Segment Start: Data provided
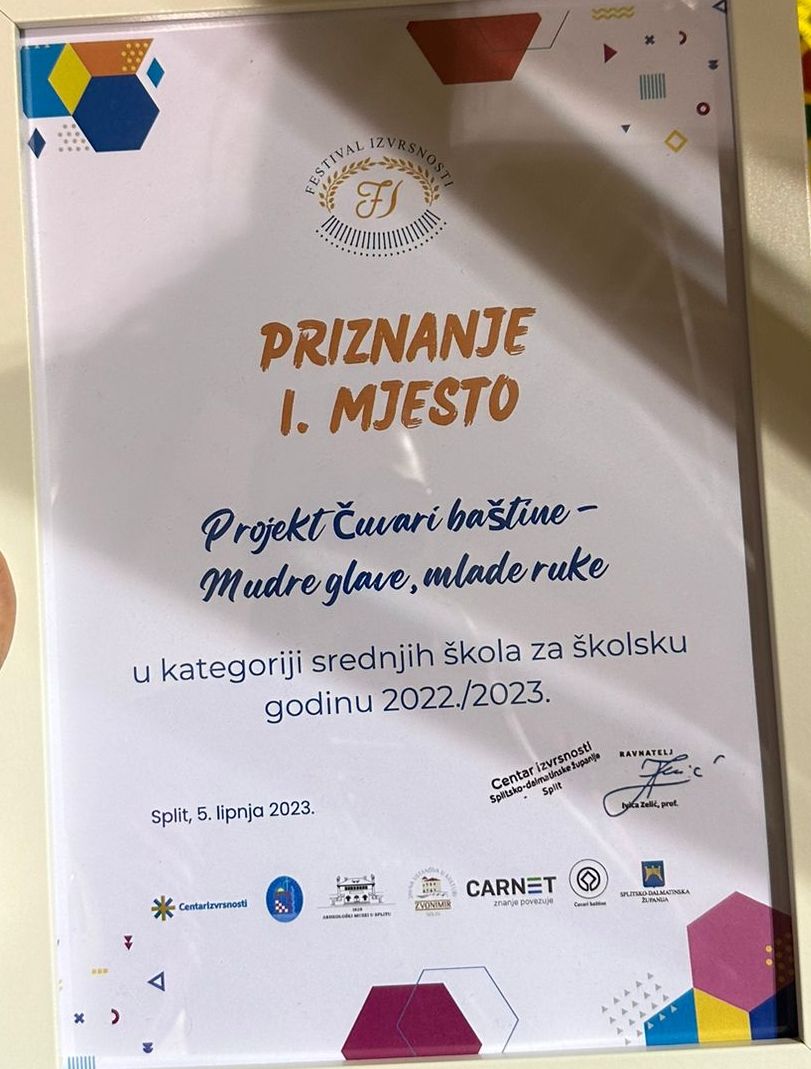 U utorak 6. lipnja 2023. učenici i nastavnici iz projektnog tima sudjelovali su na Festivalu izvrsnosti CI SDŽ u projekom koji je trajao jednu školsku godinu naziva “Izrada drvenih tradicijskih igračaka” i OSVOJILI SU 1. MJESTO u kategoriji srednjih škola za 2022./2023. u sklopu projekta Čuvari baštine; “ Mude glave, mlade ruke”. Učenici Obrtne tehničke škole Split su revitalizirali stare zelovske igračke koje su zadnji put rađene davne 2002. godine. Njih je izvorno izrađivala obitelj Jakova Delaša iz Dalmatinske zagore.Radi se o 5 motiva igračaka rađenih od drva, a to su: “tica” klepetuša, jednopreg zvani “kar”, čekić zvani “svirac”, plesači zvani “ vrtaljika” i avion. Video prilog na HRT - https://fb.watch/l3g7vbAJf1/
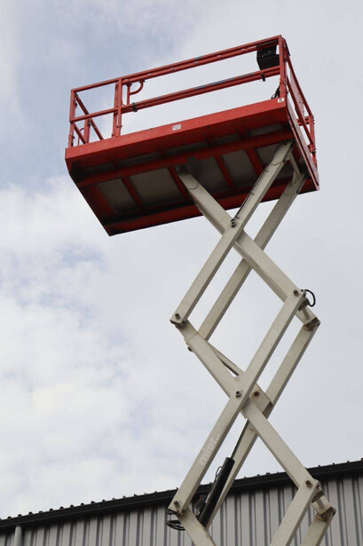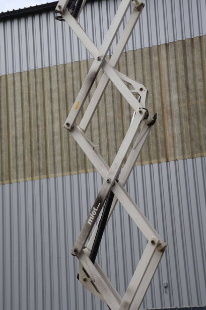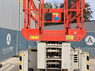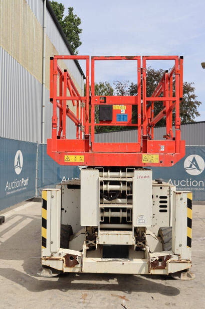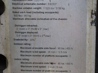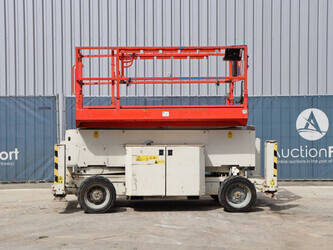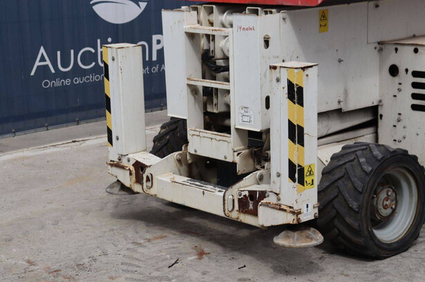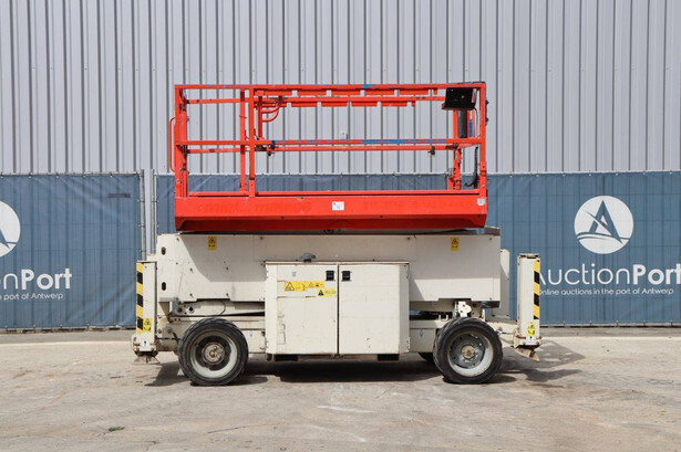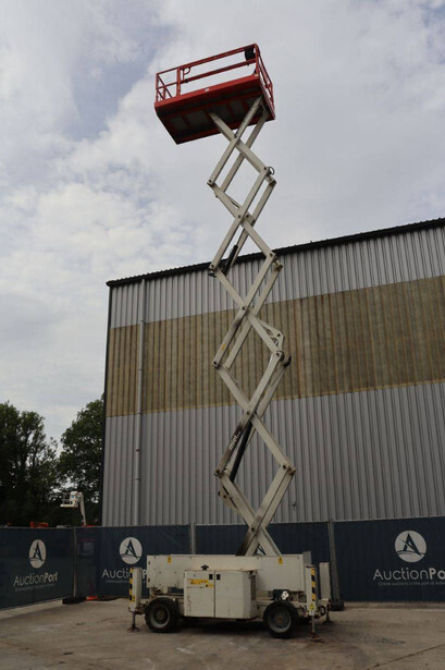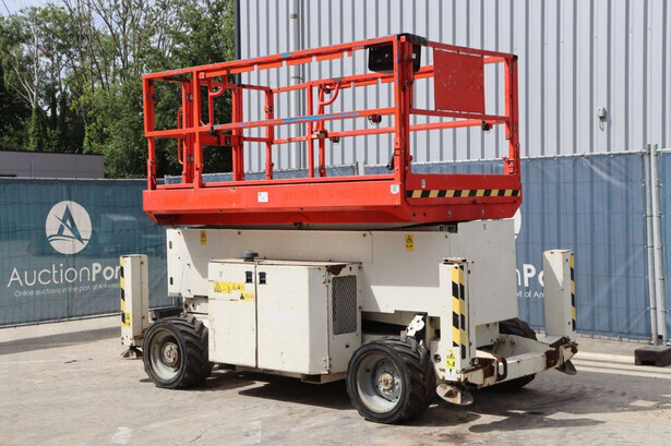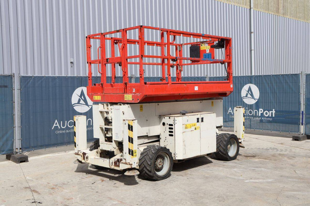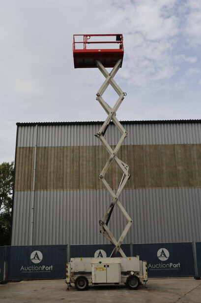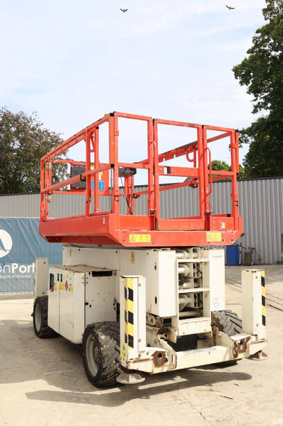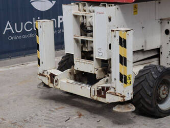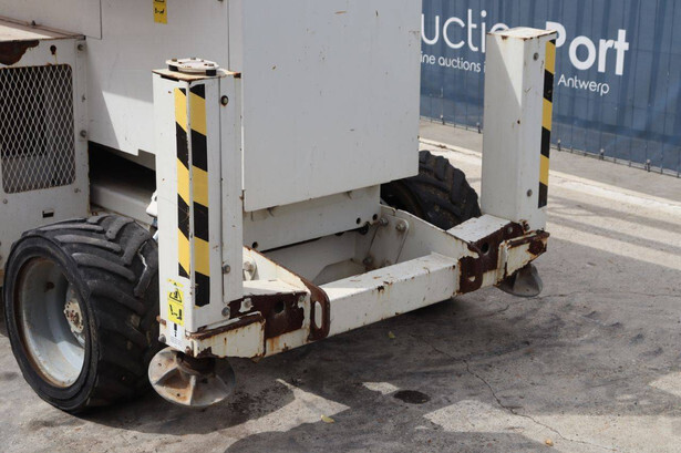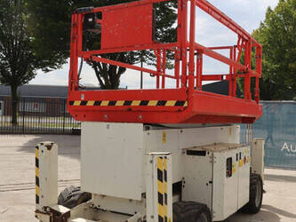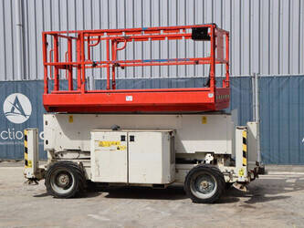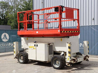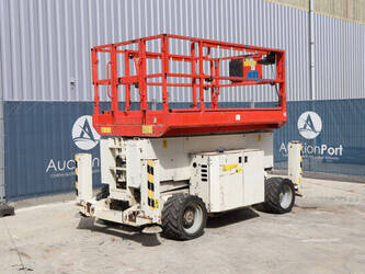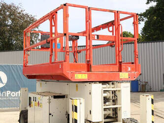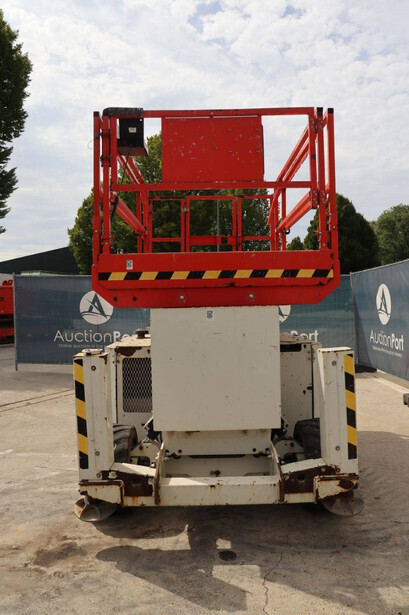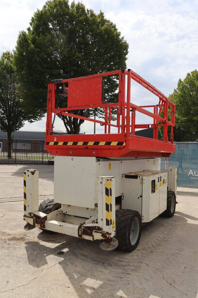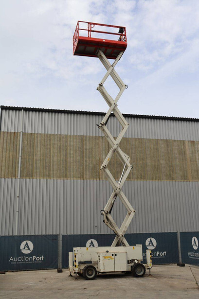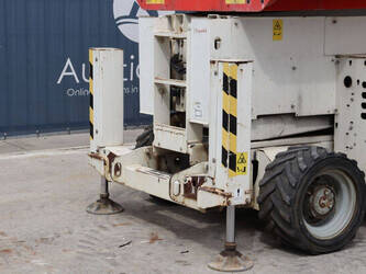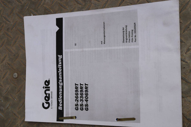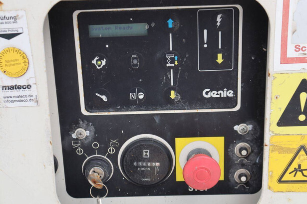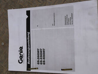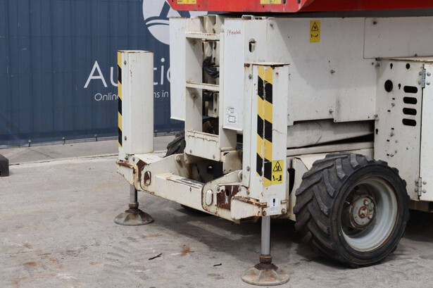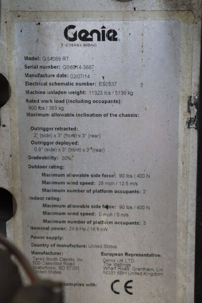 Brand: Genie Type: GS4069 RT Serial number: GS6914-3687 Year of construction: 2014 Fuel: Diesel Lifting capacity: 363 kg Working height: 14.3 m Operating hours read: 1800 h Machine weight: 5136 kg Chassis: Wheels Type: Scissor lift Tires: Pneumatic tires Color: white
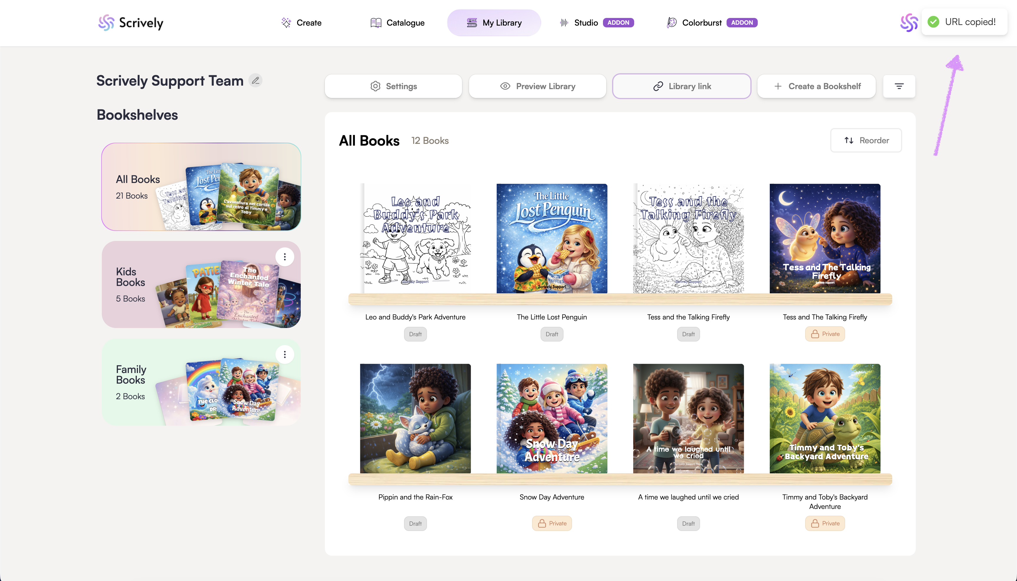 Sharing your library is simple with a direct link that lets others explore your published storybooks instantly. Quickly copy the link and send it wherever you want to showcase your stories.
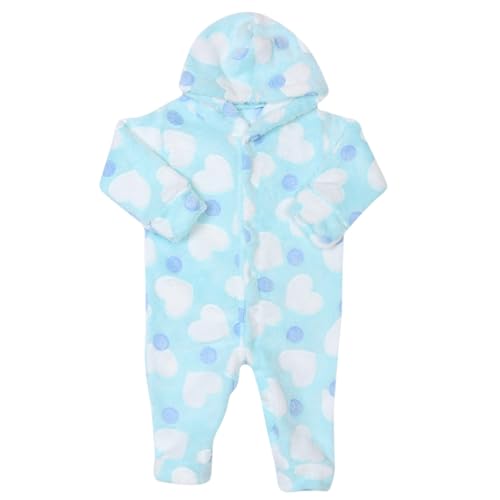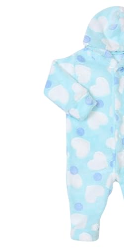 Jockey M M - سالوبيت بكباسين بولار بغطاء للرأس واكمام طويلة مطبوع عليه قلوب للجنسين من جوكي ام ام - ازرق فاتح، 0-3 شهور
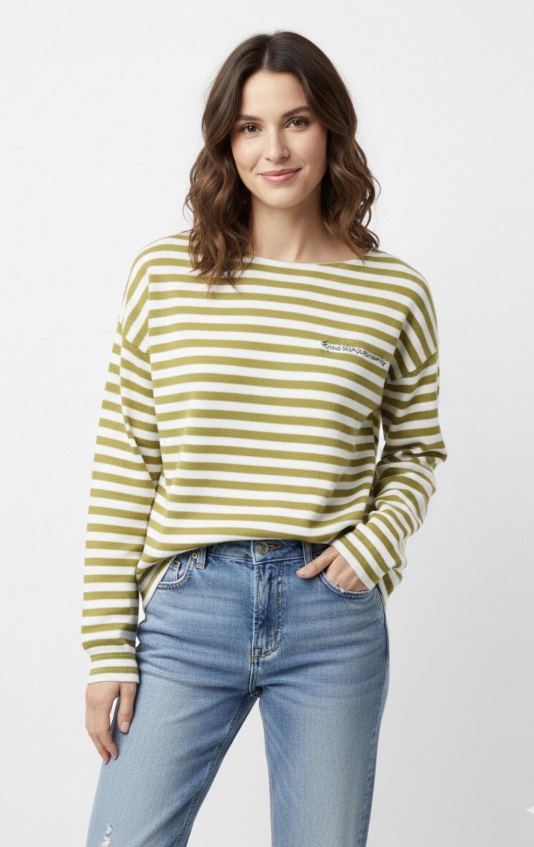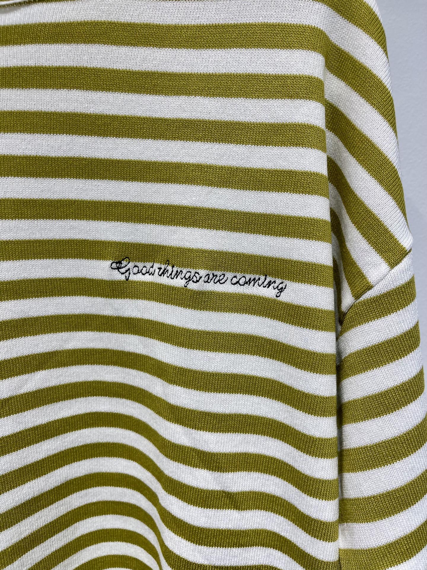 Suéter de punto fino con estampado a rayas en tonos verde lima y blanco. Bordado en caligrafía con frase "Good things are coming". Cuello redondo y mangas con hombros caídos. Acabados acanalados en puños y en el bajo. Diseño oversize.
Segment End: Data provided
## What you need to do
Set down all of the entries exactly. Leave the pictures out.

## Expected answer
 U utorak 6. lipnja 2023. učenici i nastavnici iz projektnog tima sudjelovali su na Festivalu izvrsnosti CI SDŽ u projekom koji je trajao jednu školsku godinu naziva “Izrada drvenih tradicijskih igračaka” i OSVOJILI SU 1. MJESTO u kategoriji srednjih škola za 2022./2023. u sklopu projekta Čuvari baštine; “ Mude glave, mlade ruke”. Učenici Obrtne tehničke škole Split su revitalizirali stare zelovske igračke koje su zadnji put rađene davne 2002. godine. Njih je izvorno izrađivala obitelj Jakova Delaša iz Dalmatinske zagore.Radi se o 5 motiva igračaka rađenih od drva, a to su: “tica” klepetuša, jednopreg zvani “kar”, čekić zvani “svirac”, plesači zvani “ vrtaljika” i avion. Video prilog na HRT - https://fb.watch/l3g7vbAJf1/
 Brand: Genie Type: GS4069 RT Serial number: GS6914-3687 Year of construction: 2014 Fuel: Diesel Lifting capacity: 363 kg Working height: 14.3 m Operating hours read: 1800 h Machine weight: 5136 kg Chassis: Wheels Type: Scissor lift Tires: Pneumatic tires Color: white
 Sharing your library is simple with a direct link that lets others explore your published storybooks instantly. Quickly copy the link and send it wherever you want to showcase your stories.
 Jockey M M - سالوبيت بكباسين بولار بغطاء للرأس واكمام طويلة مطبوع عليه قلوب للجنسين من جوكي ام ام - ازرق فاتح، 0-3 شهور
 Suéter de punto fino con estampado a rayas en tonos verde lima y blanco. Bordado en caligrafía con frase "Good things are coming". Cuello redondo y mangas con hombros caídos. Acabados acanalados en puños y en el bajo. Diseño oversize.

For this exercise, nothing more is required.